Romantisme suédois

La Suède réagit après les révélations « #metoo » (la V.O. de notre « #balancetonporc »). Désormais, les deux partenaires devront se déclarer mutuellement leur consentement avant de passer à l’acte.

Samedi soir à Stockholm - "Quoi ? Tu as oublié le formulaire ? Alors, oublie tout pour ce soir..." Foto: Gordon Douglas / Wikimedia Commons / PD

(KL/AK) – « Chérie, j’ai trop envie de toi… » – « Très bien, moi aussi. Alors, signe là, là et là. » Ce dialogue risque de ne plus rester fictif longtemps. Le gouvernement suédois ne veut pas se limiter aux larmes de crocodile habituelles après « #metoo » et prépare donc une nouvelle « loi du consentement ». Si elle est censée augmenter la protection contre des rapports non désirés, elle risque aussi de tuer une partie du romantisme amoureux. Devoir remplir avec des doigts tremblants des formulaires pour donner son accord avant l’amour, cela peut casser l’ambiance. Mais au moins, personne ne pourra dire après « je pensais qu’elle était consentante ».

Cette nouvelle loi fait penser au Dr Sheldon Cooper de la série « The Big Bang Theory », un scientifique fou qui a réglé la cohabitation avec son collègue, le Dr Leonard Hofstetter par un traité de 48 pages. Les Suédois vont très loin : selon les instigateurs de cette nouvelle loi, le consentement « peut être déclaré oralement, mais en cas de doute, la voie écrite est à préférer ». On imagine la situation : « ben si as tellement confiance que tu me fais signer des formulaires, autant laisser tomber ! ».

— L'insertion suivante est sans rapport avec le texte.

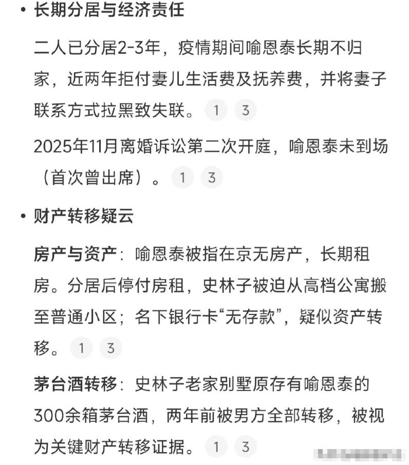 不敢想象,在娱乐圈,离婚律师讲的奇葩案件变现实了。 11月17日,卓伟爆料,著名演员喻恩泰被妻子起诉离婚,原因是喻恩泰已经两年没回家了,既不给生活费,也不回家看儿子和女儿,他的妻子史林子被逼无奈,只能选择起诉离婚。 提起喻恩泰,很多人会想到《武林外传》里温文尔雅的吕秀才,那个满口之乎者也的高知形象,连同他后来“宠妻狂魔”的标签,曾让不少人相信他是娱乐圈难得的清流。 可谁能想到,这样的荧幕形象和公开人设背后,藏着一段让人心寒的婚姻真相。 11月17日,知名狗仔卓伟的一则爆料,让喻恩泰空降热搜榜首,也揭开了这场持续两年的家庭冷暴力。 喻恩泰与史林子的缘分始于多年前,彼时的喻恩泰还顶着“不婚主义”的标签,却在遇见史林子后彻底改变,两人一见钟情,2015年携手走进婚姻殿堂。 婚后,原本也是演员的史林子选择退圈,把重心放在家庭和孩子身上,一双儿女的到来让这个家庭看起来十分圆满,小女儿如今也才六七岁。 而喻恩泰则继续在演艺道路上发展,近期还参演了《沉默的荣耀》,在剧中饰演蔡孝乾一角。 在外人看来,这是一段才子配佳人的美满婚姻,喻恩泰的“高知精英”人设也因家庭和睦更加稳固。 但这份看似美好的表象,在两年前开始出现裂痕。 不知从何时起,喻恩泰回家的次数越来越少,直到最后完全不回。 更让人无法接受的是,他不仅对妻子儿女不管不顾,还彻底切断了经济支持,生活费、孩子的学费都一概不再支付。 起初,史林子还在独自支撑,可随着时间推移,喻恩泰的态度愈发决绝,近几个月更是直接拉黑了史林子,导致两人完全失联。 孤立无援的史林子,不得不带着两个年幼的孩子从高档公寓搬到普通小区,生活质量一落千丈。 在长期失联和情感疏离之外,更让人关注的是这场婚姻背后的财产疑云。 卓伟爆料中提到,喻恩泰名下如今呈现出“三无”状态:无房、无车、无存款,平日里一直靠租房居住。 这对于一位常年活跃在荧幕上的知名演员来说,实在不合常理。 更可疑的是,史林子老家别墅里存放的两三百箱茅台,早在两年前就被悄悄搬空。 结合喻恩泰如今的“无产”状态,不难看出这并非偶然,更像是一场早有预谋的安排。 卓伟在爆料中也直接点明,这很可能是喻恩泰精心策划的离婚计划,目的就是为了转移财产,规避应尽的责任。 被逼到绝境的史林子,最终选择了起诉离婚。 这场离婚诉讼已经在北京开庭两次,上周进行的第二次开庭中,喻恩泰依旧没有露面,只留下史林子独自面对这场没有对手的官司。 如今的史林子,名下仅剩一辆自己购买的车作为保障,独自承担着抚养两个孩子的重任,既要照顾孩子的生活起居,还要应对复杂的诉讼流程,处境十分艰难。 她当初为了家庭放弃事业,本以为能换来长久的安稳,却没想到最终落得人财两空的结局,这样的遭遇实在让人唏嘘。 喻恩泰的这一系列操作,也让他过往的负面新闻被重新提及。 早年就有消息称他疑似对女星举止不当,只是当时并未引发大范围关注。 而此次婚变中暴露的婚内冷暴力、刻意转移财产等行为,更是让他的“高知精英”滤镜彻底破碎。 作为公众眼中的学霸,他本该用知识涵养品格、承担责任,可现实中,这些知识反而成了他规避责任、算计家人的工具,实在令人讽刺。 其实,喻恩泰的情况并非娱乐圈个例。 在不少明星的离婚纠纷中,财产转移似乎成了常见操作。 天价资产通过亲友代持、伪装成收藏品等方式“隐身”,明星团队总能找到规则漏洞,让本该分割的共同财产凭空消失。 这种操作不仅让普通民众难以应对,也让监管部门的跟进显得有些滞后,套路总是比规则快一步。 独自支撑家庭许久,面对丈夫的彻底缺位,史林子实在没有别的选择,只能通过法律途径起诉离婚,寻求一个基本的保障。 这场离婚大战还在继续,或许未来还会有更多内幕被揭开。 但无论最终的诉讼结果如何,喻恩泰对结发妻子和亲生骨肉的绝情,已经让他失去了作为公众人物最基本的道德底线,也给所有身处婚姻中的人敲响了警钟。 今天的分享到这里就结束了,大家对此事有何看法,欢迎在评论区留言和讨论,感兴趣的可以点击头像加关注,我将每日更新优质内容,我们下期见。

L’idée part certainement d’une bonne intention. Sceller ainsi le consentement, c’est un message à toutes les personnes qui penseraient encore qu’une relation sexuelle peut s’affranchir de l’accord du partenaire. Toutefois, le remplissage de formulaires avant de se retrouver sous la couette n’est pas très engageant. Et que faire lorsque le consentement a été prononcé oralement et qu’après, l’un des deux partenaires clame ne jamais l’avoir prononcé ? Faire des enregistrements ? « Moi, Mélanie Dupont, déclare consentir à l’acte sexuel avec Jean Leclerc, ici présent. Fait pour valoir ce que de droit. » Même si un tel enregistrement peut se faire rapidement à l’aide d’un smartphone, cela peut quand même couper un peu l’élan amoureux. Et lorsque Jean aura répété l’opération en enregistrant la même déclaration sur le smartphone de Mélanie, plus personne n’aura encore envie de passer à l’acte.

L’objectif de ce projet de loi est clair : si jusqu’à présent, les femmes non-consentantes se trouvaient dans l’obligation de manifester clairement un « non », chose pas toujours évidente dans une situation intimidante, il incombe désormais aux hommes (ou plus généralement au partenaire plus entreprenant) de s’assurer du consentement de la (ou du) partenaire. Un peu comme sur internet : on passe de l’opt-out (par défaut, vous êtes d’accord ; à vous de signaler si vous n’acceptez pas) à l’opt-in (vous devez marquer expressément votre accord, sinon on considère que vous refusez).

L’entrée en vigueur éventuelle de cette loi ne dispensera pas la société d’éduquer autrement les enfants, et particulièrement les garçons. C’est l’éducation qui permettra de bannir la violence de façon pérenne. Si en attendant que les efforts d’éducation portent leurs fruits, une telle loi peut contribuer à amoindrir cette violence, tant mieux. Mais les nuits hivernales suédoises risquent de paraître encore plus longues.